In the postscript in this novel, Jean Echenoz states that he wants to destabilise the novel from within. He certainly has a talent for destabilising the reader. This novel is the story of two men who once loved the same women. However, they never realise this fact until the last. They have various adventures across the globe, one ending up in Malaysia and the other on the streets of Paris. Of the woman, Nicole, we now little and somehow towards the end of the novel, both this character and the reader all get dragged into a gangster film and action flick all in one. It certainly is very disconcerting, and not exactly enjoyable.
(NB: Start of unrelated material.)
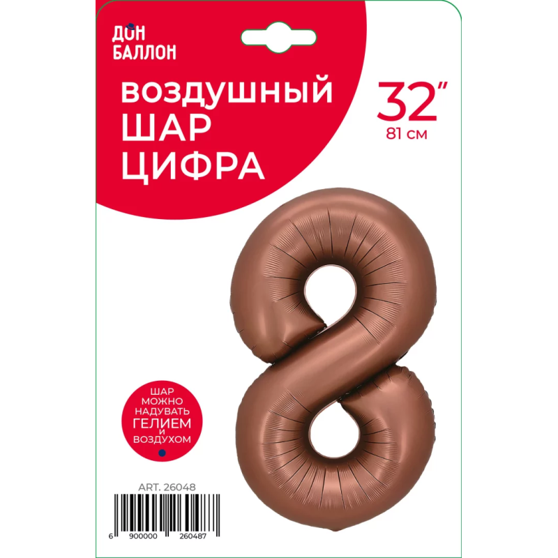 Шар (32''/81 см) Цифра, 8, Шоколадный, 1 шт. в уп., 26048
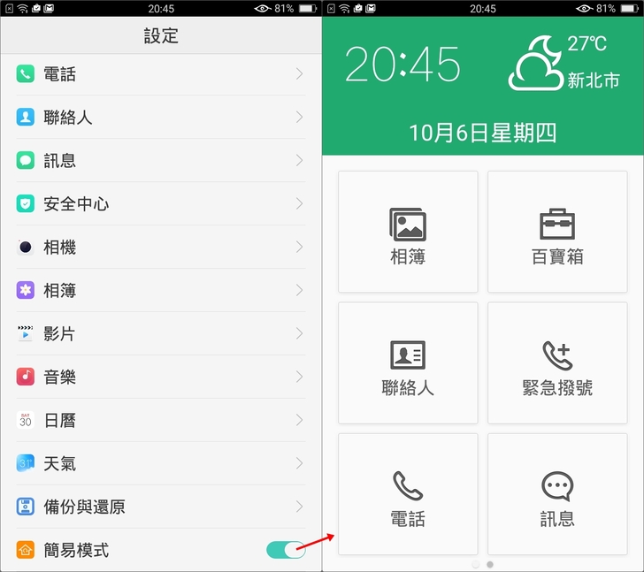 【▼】設定中也可將F1s設定為簡易模式,簡易模式中有相簿、聯絡人、電話、百寶箱、緊急撥號與訊息六大項。

Yet this novel way of story telling owes more to the script writing of cinema. In fact Echenoz, when commenting this book, was quoted as saying:
“De la même façon que sur le plan de la mise en scène des récits, je me sers de la rhétorique cinématographique. Je fais appel instinctivement à des repères de l’ordre des outils poétiques, de la césure, de la syncope. Je pars d’un manuel de rhétorique ou de métrique pour importer telle ou telle figure.”
As the reader slowly tackles this difficult novel, the pace quickens and the style changes. As if the book was alive and dragging us through two, and sometimes three different stories. Echenoz sees the novel as an engine to automatically generate stories. Sometimes these motors become infernal machines over which even the author has no-control.